Funny how that works, eh? ;D
PPS:
'My new boyfriend isn't half as weird as you. Hmm....'
'I can see your wheelchair from here. Have decided against. I shouldn't need to push.'
'Have decided to let sleeping dogs lie.'
'...Sorry, that should have been - let lying dogs sleep'.
(Leans closer to the monitor for a choccie-drop.)
You are amazing! This made my day! Thank you!
I suspect you are 100% correct on all this. Narcissistic? Oh, most likely I think. My therapist is guessing so by things I’ve told her. Dating sites? ALWAYS! ALWAYS! Always on them. It’s been hard to wrap my head around someone wanting to spend his life with me (so he said) do this crap to me. And find out he probably truly did not mean any of it. How could he when he dumps me so easily and more than once. Never met anytime like this in my life, not someone I had a romantic relationship with anyone. Hit me so hard. But, it’s so time to move on.
I wish I could say all the things here to him!!! Emotional rapist - my favorite!
Thank you for taking the time. It means more than you know.
PS - some typos in there. I get going and don’t check. Send send send 😂
Bear with me until Monday when I can call my techie guy (doesn't work weekends). I just tried to do a proper, full-length reply but got spat out/timed-out before I'd had a chance to save it, so I can't even paste it back in (aargh, so frustrating!).
I now suspect that general-area internet slowness aside, my recent guest using the internet constantly whenever we were in has just about used up my monthly data allowance or something.
I'll keep trying here and there in the meantime.
(Hoping this posts...)
Ooh, it did! Right - quick!
YES PLEASE to venting on here! Most daren't. But it is FANTASTIC therapy, not only for getting his toxins out in a hurry but also for keeping you in-touch with your (normal, healthy-human) psychopathic side, as upgrades you forevermore into a Supernova Empath (bigger and scarier when required, than any Narc).
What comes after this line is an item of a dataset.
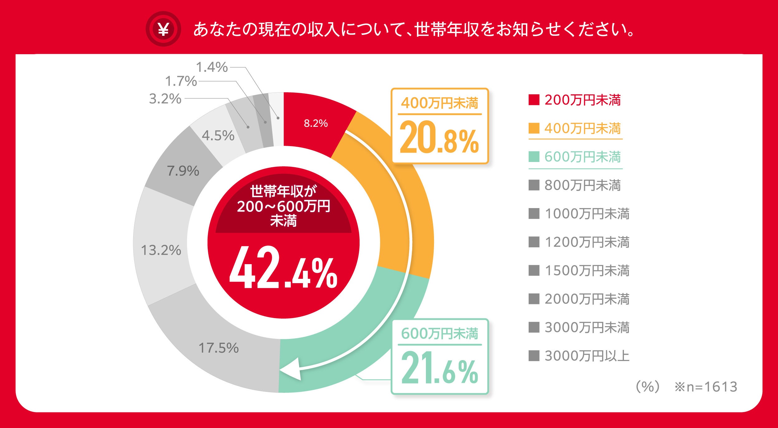 ・個人年収を聞いた質問では、1位が「200万円未満(39.6%)」、次いで「200万円~400万円未満(23.2%)」、「400万円~600万円未満(17.2%)」に。さらにゴールドカード保有者で個人年収が「400万円未満」の人のなかには、専業主婦(主夫)や学生なども多く含まれており、誰でもゴールドカードを持つ時代になったと言えます。一方、世帯年収では、「200万~600万円未満」が42.4%を占め、メインボリュームとなっております。
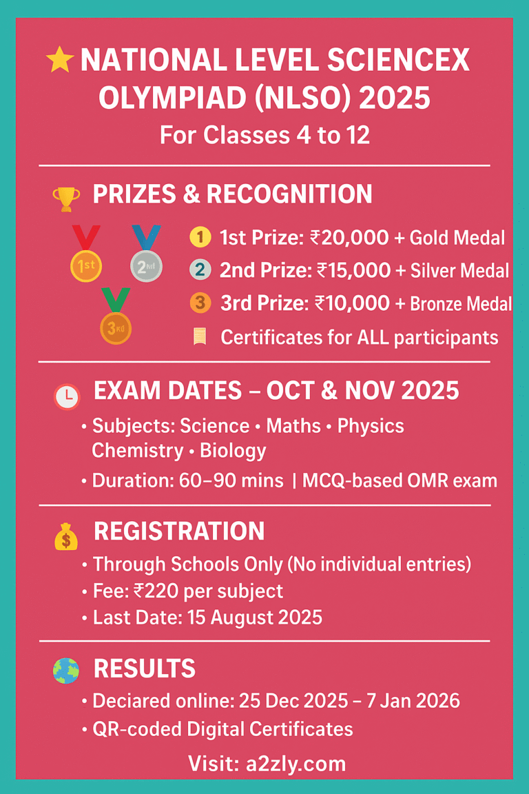 The National Level ScienceX Olympiad (NLSO) 2025, organized by ScienceX Innovations, is a prestigious competition for Classes 4 to 12 across India and neighboring countries. It promotes curiosity, critical thinking, …

I'll explain properly how on Monday as I want to keep this short and sweet, but, we welcome venting as it also poses as your 'magic Rap Sheet' on him as keeps you strong and protected against any form/intensity of Hoovering (e.g. sending in The Flying Monkeys (google) to persuade you back) and, unlike actual human relationships, keeping hold of your anger for longer is an important key to speeding-up your grieving process.
Feel free to do a stream-of-consciousness - you have my formal permission and special dispensation to turn the air Blue if that's what you need to puke out of you. All I ask is that before Submitting, you edit nothing but do insert asterisks (e.g. I type 'ollocks' and 'w***ker' or 'merchant banker'. But don't stress too much. Also, be as 'out there' as you like. We all know to take those things with a pinch of salt. So...total freedom to tell that walking p*nis exactly what you think of him!
(Your particular lurkers - those who've been in your same boat (loads!) - will bloody love it!)
:)
Over to you and hearing your Lioness roar! :))))))) (I'll mark you out of 10 if you like? Haha! Go on - stick it to him!)